Thanks for the thoughtful comment. That's partly what I meant in "prevent and resolve misunderstandings". I don't know if this is a gendered issue though.

I do think it's better to communicate more rather than less - take more effort to get what you're saying across in the first instance. Which is why it's important to take some time over the message and make sure it's written as best as you can - almost everything CAN be interpreted differently, but we have to try to make it easier for people not to.

The tips are wonderful and they make you realize that you still need to try to reach out to people even if you are working remotely.

It's funny, but you seem to be stressing the niceties that happen in face-to-face contact.
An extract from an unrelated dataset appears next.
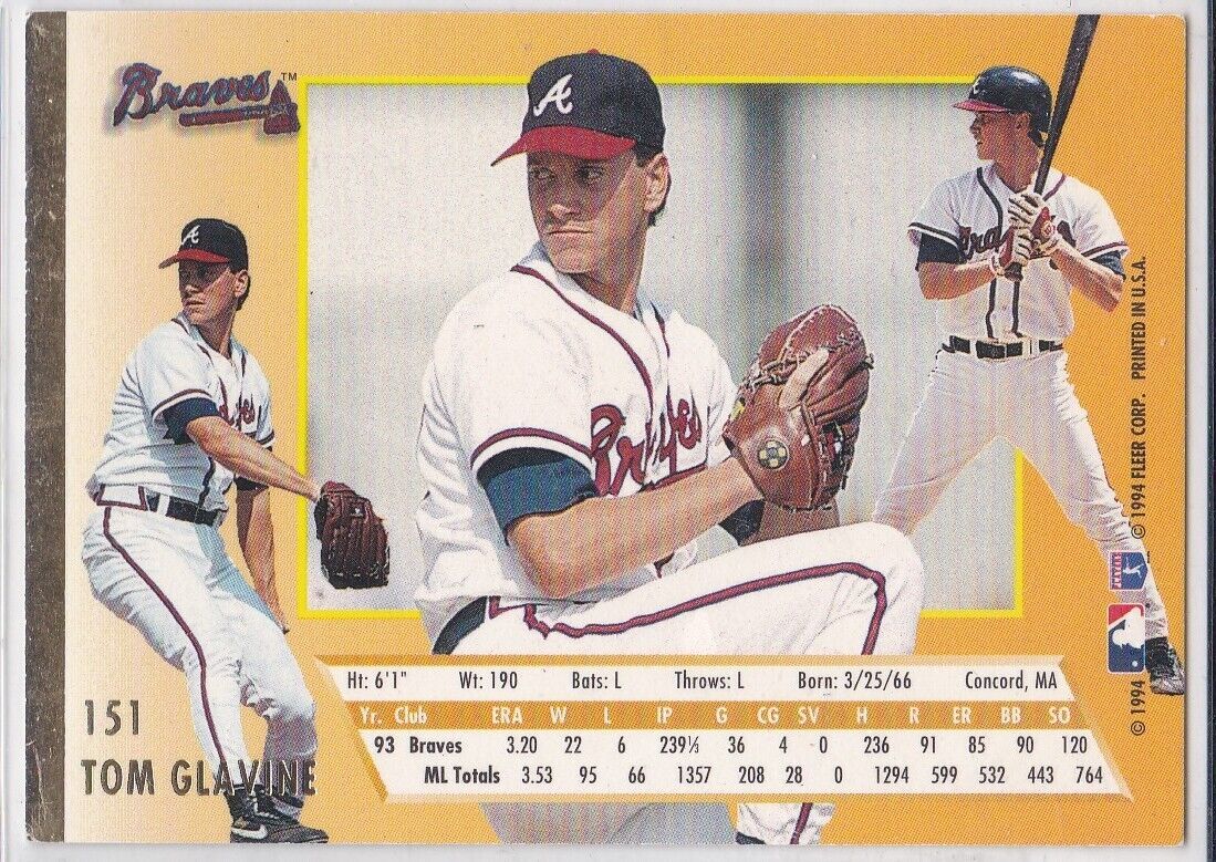 G) 1994 Fleer Ultra Baseball Trading Card - Tom Glavine #151

They never do go out of style no matter how you communicate.

Yes, that's true. It's just easy sometimes to forget that there's a person at the end of the other computer, you know.

Thank God I don't have to worry about this! Just the drudgery of writing my blog & books by my lonesome!! Ha, Ha!

evelyngarone.com

Actually once you start doing this and it becomes second nature, it isn't any more difficult than face-to-face communication (easier, for introverts like me).

All the best with the books and the blog!

Nice post. This will come in handy for me - I'm starting a new "virtual" job very soon. Thank you for posting and congratulations on getting Freshly Pressed!

I can connect with what you are saying and I also work part-time online. It seems that you have accomplished enough in this field and you mean what you are saying. Continue posting tips that would help other people working virtually. Will drop by your blog from time to time. =p

Thanks, Kayne. I hadn't realized this post would strike such a chord... it's made me want to think and leanr about this topic in more depth!

Hi Unmana

As I was reading and agreeing with your handy tips, I had one of those "aha moments" that I'd like to share.

As I was reading, the thought reoccurred to me that developing good relationships in an online environment, is essentially what we are aiming for, and as you also imply that communicating online is no less different or difficult than communicating face-to-face.
Then I realised that perhaps your tips essentially contain important aspects or perhaps building blocks to establishing any sort of relationship, whether they are online or face-to-face, or husband/wife, parent/children, student/teacher, etc.
Will revisit after I have pondered this further.

Well, all communication has basically the same purpose - to put your message across effectively. I'm glad you agree with my post and that it made you think.

This is a great post - I will link to it later. Mostly just wanted to say congrats on being freshly pressed!

Really well thought out blog post - I agrree. As a psychologist I'm not sure we could maintain a theraputic rapport but... maybe one day

Thanks Unmana - I especially liked your tip to connect with people outside of work...nice post.

This article exemplifies the beauty of technology today - enabling us to connect with people with whom we would have never met/interacted with in real life! I love how you've really taken advantage of the technology available to us to form real relationships with people, albeit virtual!

That's what I like most about technology - that it helps us be more human and connect more, not less.

Good one. I totally agree with you. I am a fresh freelance software developer. What you said has come to be part and parcel of modern software development methodology. Truly it's fun to work with people we know.

Yes, most of us in the outsourcing industry (be it software development like yours or advertising and marketing production like ours) face a similar situation at work.

wonderful. though I'm keen on starting the last one.

Thank you! Definitely going to bring this up at the next office meeting!

Thank you! Do tell me how it goes - I'd love more suggestions and anecdotes.

Technology for better communication, you mean? I'm in no way an expert, but I use Skype a lot, for voice and video calls. The quality is often better than phone calls!

Interesting and useful tips. Would there be any similar technological processes suggested for micro businesses or cottage industries that are run from home?